Input data —
+-------+

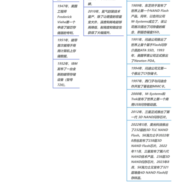 在1956年第一张硬盘被发明的同时,闪存的发展也从未停止脚步,最早从只读存储器(Read-Only Memory,ROM)开始追溯,闪存也经历了从ROM到可电擦除可编程的只读存储器 EEPROM(Elecrically Erasable Programmable ROM,),NOR Flash和NAND Flash相继被发明的阶段。
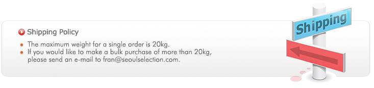 Airmail I Smaller Parcel Post Note: Not trackable. Since this is a form of general mail, deliveries do not receive a tracking number. While delivery costs are relatively inexpensive and customs passage is easier, the security of the delivery is somewhat lower. Packaging methods are applied that allow for opening according to regulations. Please be aware that Seoul Selection cannot be held responsible for items ordered that are lost during delivery. Only applies to packages weighing less than 2 kg. For boxes, no one side can exceed 60 cm in length, and total dimensions of length, width and height together cannot exceed 90 cm.
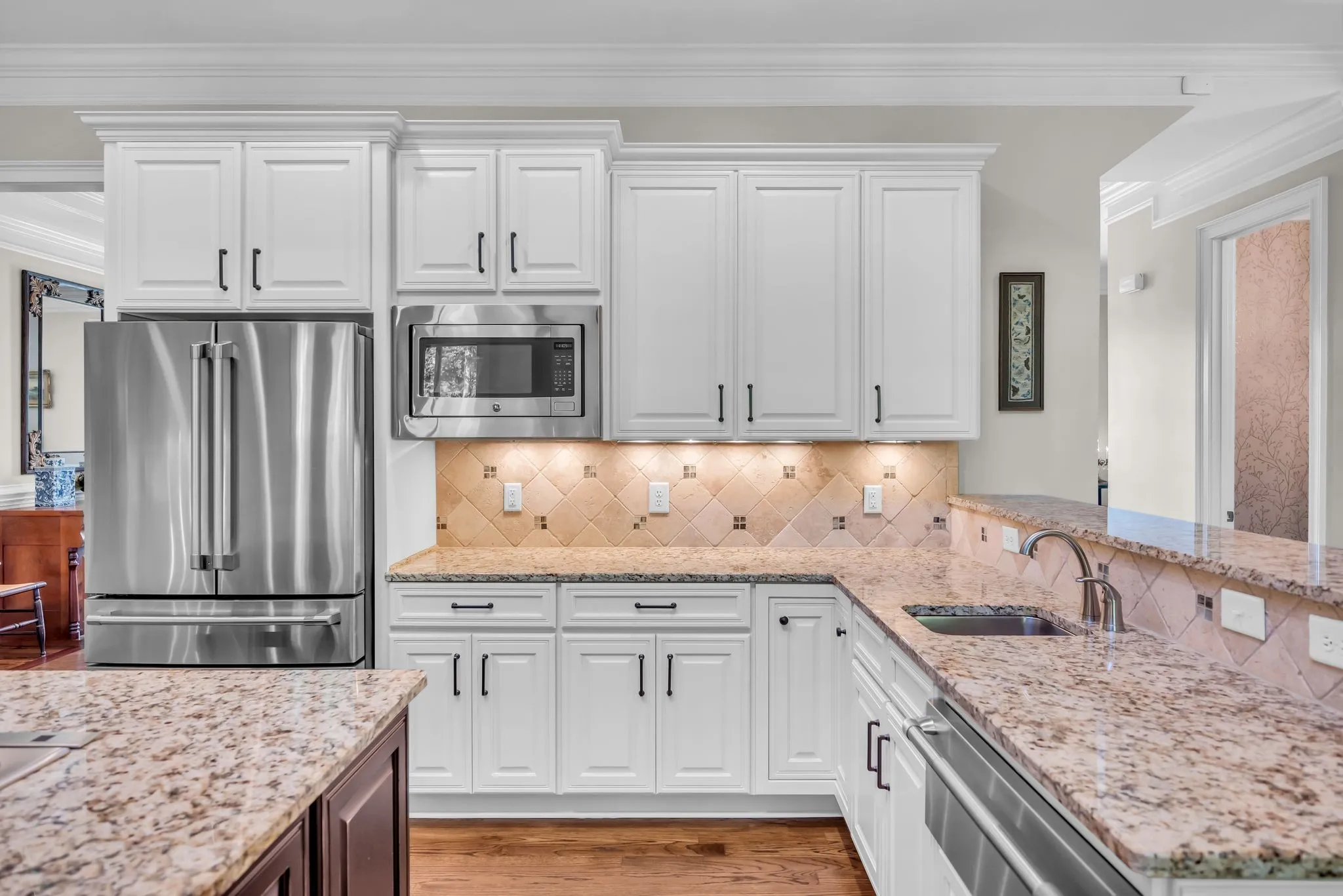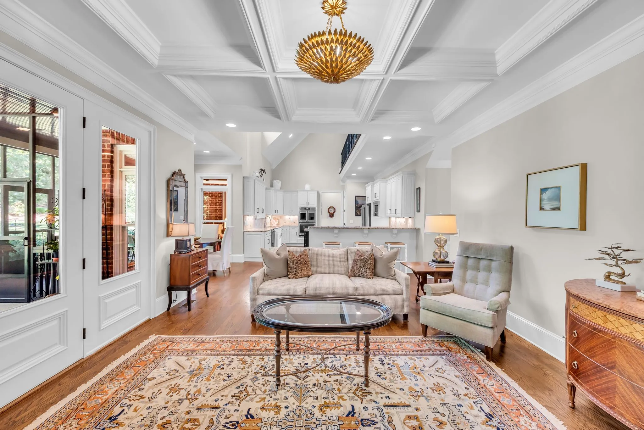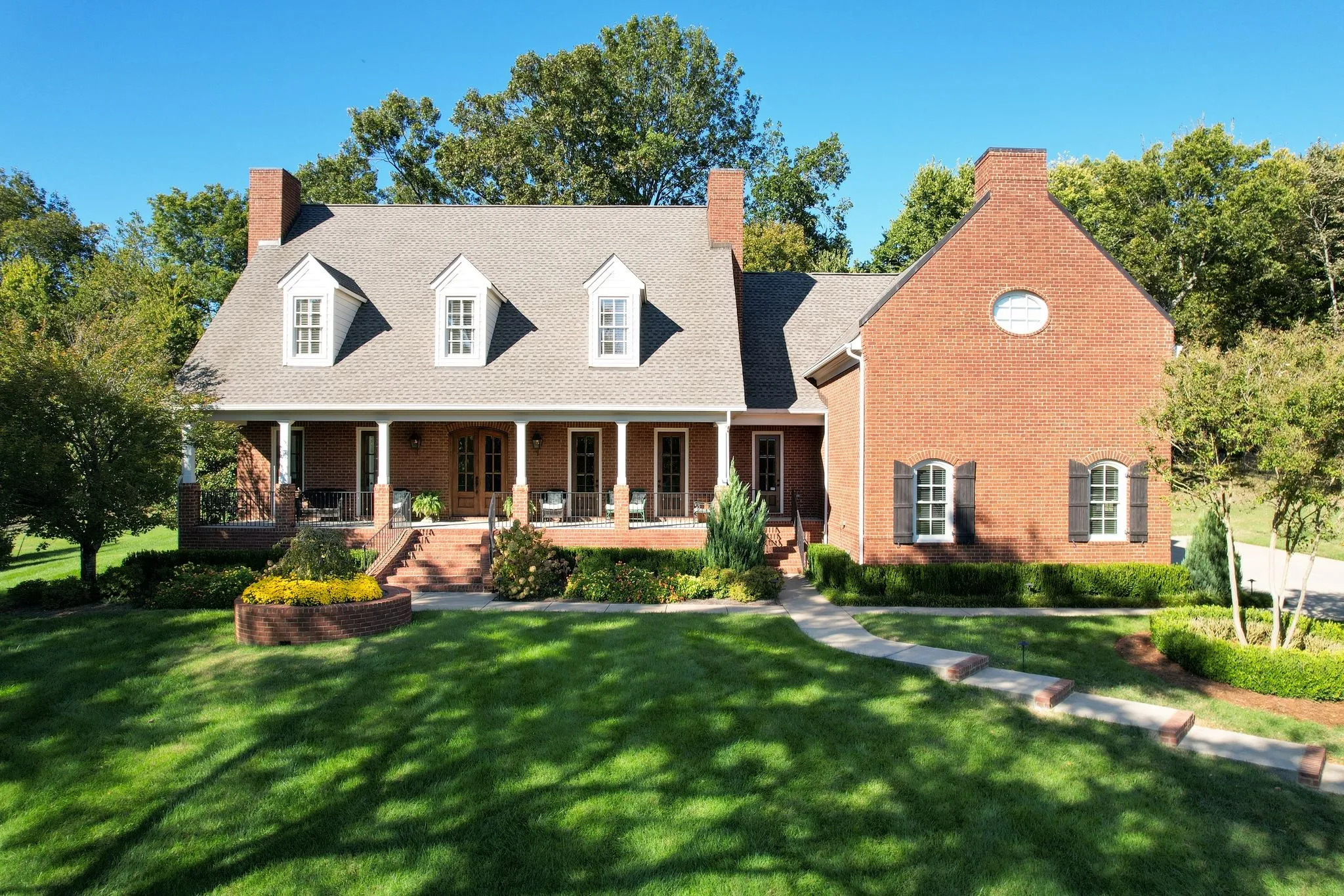 Welcome to this stunning custom built home offering nearly 5,000 square feet of luxurious living space | Perfectly situated on 2.25 beautifully landscaped acres in the prestigious Durham Manor community | Designed for both elegance and comfort, this home boasts 4 spacious bedrooms and 4 full baths, each featuring an ensuite layout for ultimate privacy | Fresh paint throughout | New designer lighting | Gorgeous hardwood floors | Renovated powder room (2025) | Renovated gourmet kitchen (2025) with high end stainless appliances including a warming drawer, generous workspace, custom pullout cabinets and a large walk in pantry ideal for both everyday living and entertaining | Open concept living room features coffered ceilings | The oversized bonus room provides flexible space for a media room, playroom or additional living space | Custom treatments in bonus room | Enjoy the outdoors with multiple patio areas – a screened porch, a covered open porch and an open terrace makes it perfect for family gatherings or quiet relaxation | Lush landscaping | Rain Bird Irrigation System | Leaf Filter Gutter System | The twin oaks in the backyard add a touch of natural beauty and shade | Recent upgrades include three newer HVAC systems (2018), new roof (2022), wireless thermostat upstairs (2023), new “April Aire” humidifier (2024), a tankless water heater (2025), and an encapsulated crawlspace with Santa Fe Advance Dehumidifier | See list in media for additional updates | This exceptional property offers the best of Franklin living – luxury, comfort, and privacy – all within minutes of shopping, dining, and top-rated schools | Experience refined Southern living in this remarkable Durham Manor estate

+-------+

Exercise requirements — Return the listing verbatim, pictures omitted.

Output of the task —
 在1956年第一张硬盘被发明的同时,闪存的发展也从未停止脚步,最早从只读存储器(Read-Only Memory,ROM)开始追溯,闪存也经历了从ROM到可电擦除可编程的只读存储器 EEPROM(Elecrically Erasable Programmable ROM,),NOR Flash和NAND Flash相继被发明的阶段。
 Airmail I Smaller Parcel Post Note: Not trackable. Since this is a form of general mail, deliveries do not receive a tracking number. While delivery costs are relatively inexpensive and customs passage is easier, the security of the delivery is somewhat lower. Packaging methods are applied that allow for opening according to regulations. Please be aware that Seoul Selection cannot be held responsible for items ordered that are lost during delivery. Only applies to packages weighing less than 2 kg. For boxes, no one side can exceed 60 cm in length, and total dimensions of length, width and height together cannot exceed 90 cm.
 Welcome to this stunning custom built home offering nearly 5,000 square feet of luxurious living space | Perfectly situated on 2.25 beautifully landscaped acres in the prestigious Durham Manor community | Designed for both elegance and comfort, this home boasts 4 spacious bedrooms and 4 full baths, each featuring an ensuite layout for ultimate privacy | Fresh paint throughout | New designer lighting | Gorgeous hardwood floors | Renovated powder room (2025) | Renovated gourmet kitchen (2025) with high end stainless appliances including a warming drawer, generous workspace, custom pullout cabinets and a large walk in pantry ideal for both everyday living and entertaining | Open concept living room features coffered ceilings | The oversized bonus room provides flexible space for a media room, playroom or additional living space | Custom treatments in bonus room | Enjoy the outdoors with multiple patio areas – a screened porch, a covered open porch and an open terrace makes it perfect for family gatherings or quiet relaxation | Lush landscaping | Rain Bird Irrigation System | Leaf Filter Gutter System | The twin oaks in the backyard add a touch of natural beauty and shade | Recent upgrades include three newer HVAC systems (2018), new roof (2022), wireless thermostat upstairs (2023), new “April Aire” humidifier (2024), a tankless water heater (2025), and an encapsulated crawlspace with Santa Fe Advance Dehumidifier | See list in media for additional updates | This exceptional property offers the best of Franklin living – luxury, comfort, and privacy – all within minutes of shopping, dining, and top-rated schools | Experience refined Southern living in this remarkable Durham Manor estate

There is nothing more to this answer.